After a slightly weak start, the Canadian stock market briefly edged higher before retreating amid cautious moves by investors Friday morning.

Worries about U.S.-China tensions and weak Canadian retail sales data weighed down the market.

Energy, financial and healthcare stocks declined, while shares from information technology and materials sections moved up. Consumer staples and industrial stocks were mostly subdued around previous closing levels.

The benchmark S&P/TSX Composite Index was down 34.29, or 0.23%, at 14,850.56 at noon. The index, which touched a high of 14,929.34 earlier, slipped to a low of 14,834.82.

Aurora Cannabis (ACB.TO), which saw some big gains in recent sessions, declined 6% on profit taking.

Manulife Financial (MFC.TO), Bank of Nova Scotia (BNS.TO) and Toronto-Dominion Bank (TD.TO) were down 2 to 2.5% a little before noon.

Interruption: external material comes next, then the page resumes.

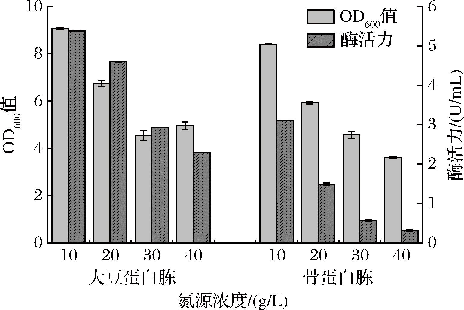 根据单一氮源种类优化结果,选取大豆蛋白胨和骨蛋白胨以质量浓度为10、20、30、40 g/L进行单一氮源浓度优化,生长情况与胞内酶活力如图7所示。当以大豆蛋白胨作为单一氮源,质量浓度10 g/L时重组菌酶活力最高,为5.38 U/mL;以骨蛋白胨作为单一氮源,质量浓度10 g/L时重组酶活力最高,为3.11 U/mL。
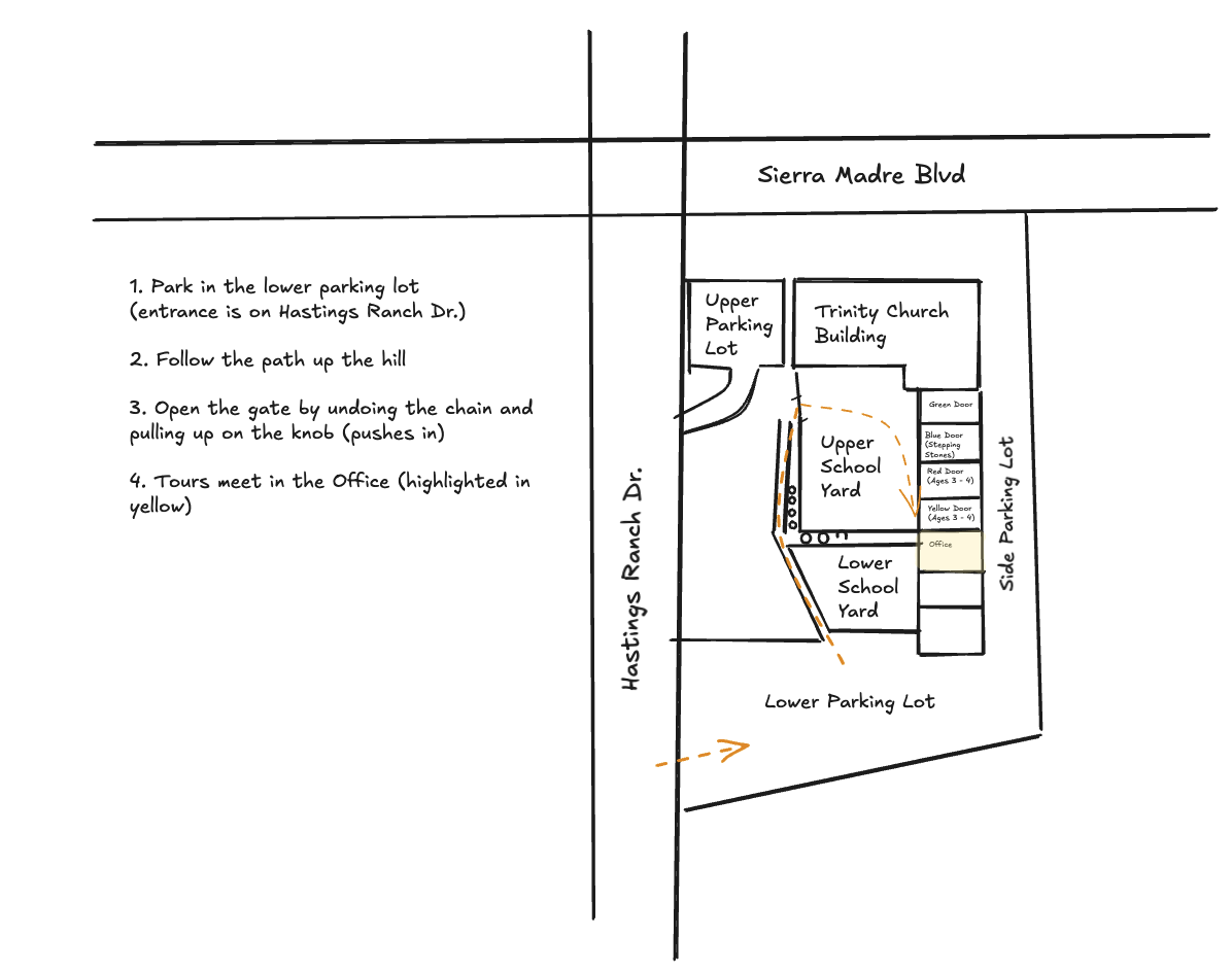 A: Please meet us at the front of the Hastings Ranch Nursery School office, which is located in “Upper School” and is the 2nd to last door on the right.

Royal Bank of Canada (RY.TO) was lower by about 1.6%, while Sun Life Financial (SLF.TO) and Magna International (MG.TO) shed 1.25% and 1.1%, respectively.

Lightspeed Pos (LSPD.TO), which ended with a hefty gain on Thursday, extended its uptick, and was up nearly 4% in late morning trades. Shopify Inc. (SHOP.TO) gained 2.75% and Barrick Gold Corporation (ABX.TO) gained nearly 1.5%.

According to the data released a little while ago, retail sales in Canada plunged 10% over a month earlier in March 2020, after rising an upwardly revised 0.4% in February. It was the largest drop in retail trade on record.

Retail Sales were down 8.4% in March 2020, compared to sales in the same month last year.

Concerns about rising tensions between the U.S. and China rendered the mood a bit bearish.

U.S. President Donald Trump has warned that Washington would react "very strongly" if China follows through on its plans of strengthening control over Hong Kong with new security laws.

The latest developments come after the Senate passed a bill on Wednesday that would potentially delist Chinese stocks from U.S. exchanges.